On Tuesday, 18 April 2023 at 08:13:05 UTC, Dmitry Olshansky wrote:

>

A streaming parser is doing 2 things:

  • waiting for input
  • processing the current input and spitting out Events

This maps to D beautifully:

  1. Waiting for input means it's an OutputRange with explicit put method!

  2. Processing events means it's an InputRange of events. It may even be ForwardRange, mine first of this kind is Forward range.

Destroy!

--
Olshansky Dmitry

Sounds like a natural fit! I think it's interesting to explore related concepts that other languages have like their versions of iterators/ranges, but also streams, observables, interaction with promises (observables vs async iterables). Another related topic is validation vs parsing (converting data from unstructured input to a more structured form). I don't have time to discuss in detail at the moment, so I'll just share a few links.

https://lexi-lambda.github.io/blog/2019/11/05/parse-don-t-validate/
https://serokell.io/blog/parser-combinators-in-haskell

http://csl.stanford.edu/~christos/pldi2010.fit/meijer.duality.pdf
https://www.youtube.com/watch?v=sTSQlYX5DU0&ab_channel=ReactConference

https://dev.solita.fi/2021/10/14/grokking-clojure-transducers.html
https://www.youtube.com/watch?v=6mTbuzafcII
https://hypirion.com/musings/recursive-transducers
https://hypirion.com/musings/haskell-transducers

https://www.youtube.com/watch?v=vohGJjGxtJQ&ab_channel=CppCon
https://www.open-std.org/jtc1/sc22/wg21/docs/papers/2022/p2300r5.html

April 18, 2023
On Tue, Apr 18, 2023 at 08:13:05AM +0000, Dmitry Olshansky via Digitalmars-d wrote:
> A streaming parser is doing 2 things:
> - waiting for input
> - processing the current input and spitting out Events
> 
> This maps to D beautifully:
> 
> 1. Waiting for input means it's an OutputRange with explicit put method!
> 
> 2. Processing events means it's an InputRange of events. It may even be ForwardRange, mine first of this kind is Forward range.
[...]

In practice, the input would be an input range consumed by the parser which returns an input range of tokens.  IOW the parser is a filter that transforms an input range of characters into a range of tokens.

You'd only need an output range interface if you needed to explicitly feed characters to the parser, such as if you were using an async I/O API and you just received a block of fresh input, and now you need to stuff the input into the parser.  But even then, I wouldn't do it this way, because on the other end, the input range wouldn't be able to return a result if, say, the next block of input hasn't arrived yet. So .empty would have to block, which is an ugly design for something with an input range API.

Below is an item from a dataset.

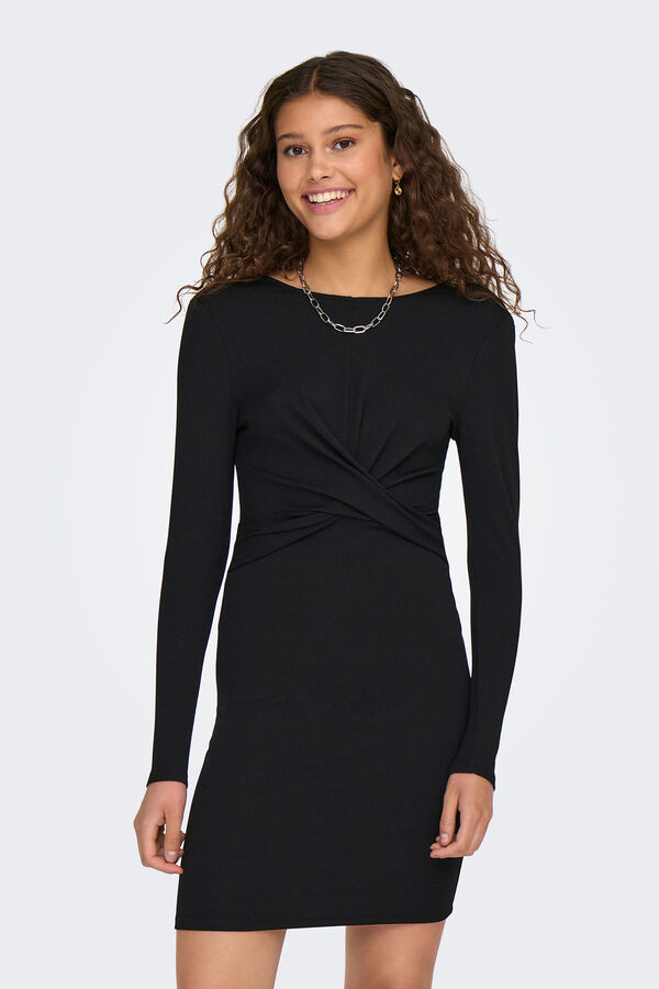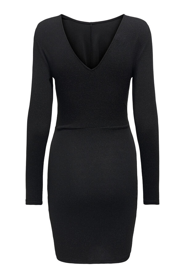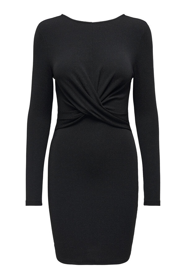 Vestido de manga comprida com gola redonda aberta e tecido de strass.
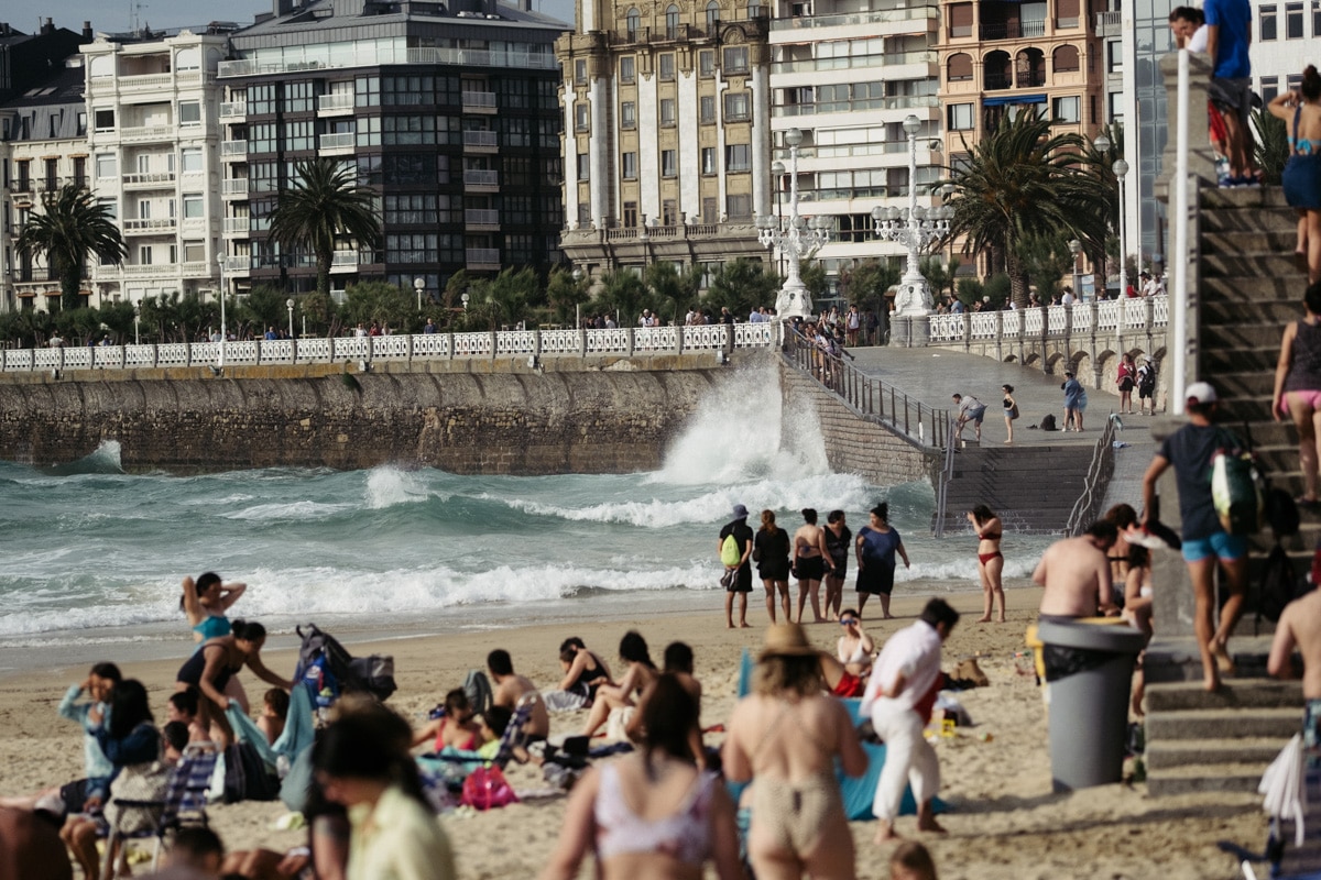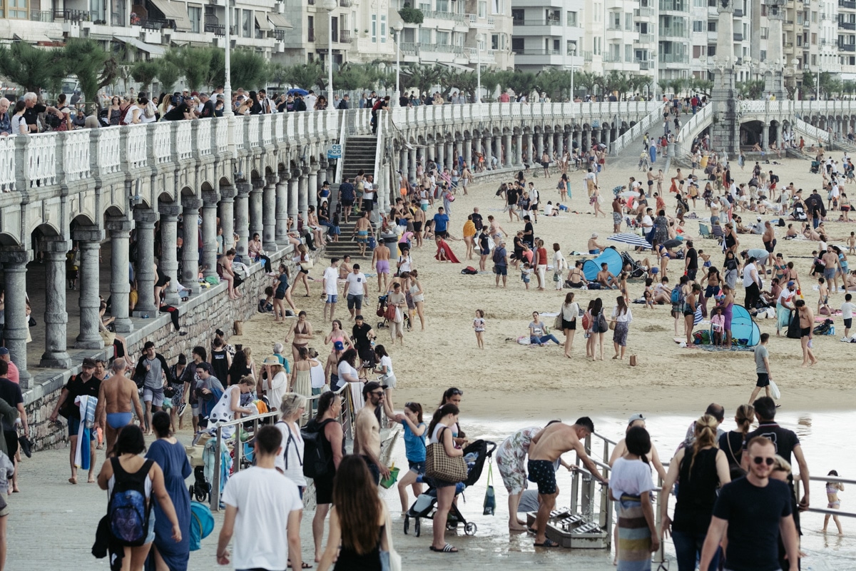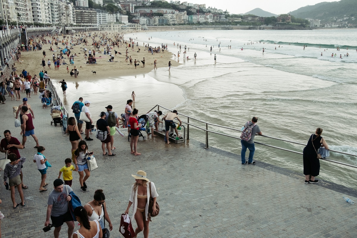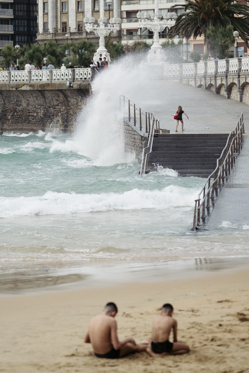 En la Zurriola fue más patente la galerna anunciada para Donostia, que se quedó en galernilla, y que apenas afectó a los presentes en Ondarreta y la Concha. Lo cierto es que los tres arenales estaban llenos pese al Aviso Amarillo anunciado. En una tarde muy inestable sí hizo aparición la tormenta, aunque breve, y también cayó granizo por unos segundos.

At the end of the day, I think treating a parser as a transformation (range of char -> range of tokens) is a better abstraction than trying to shoehorn it into something involved output ranges.


T

-- 
Nearly all men can stand adversity, but if you want to test a man's character, give him power. -- Abraham Lincoln
April 18, 2023

On Tuesday, 18 April 2023 at 08:13:05 UTC, Dmitry Olshansky wrote:

>

A streaming parser is doing 2 things:

  • waiting for input
  • processing the current input and spitting out Events

This maps to D beautifully:

  1. Waiting for input means it's an OutputRange with explicit put method!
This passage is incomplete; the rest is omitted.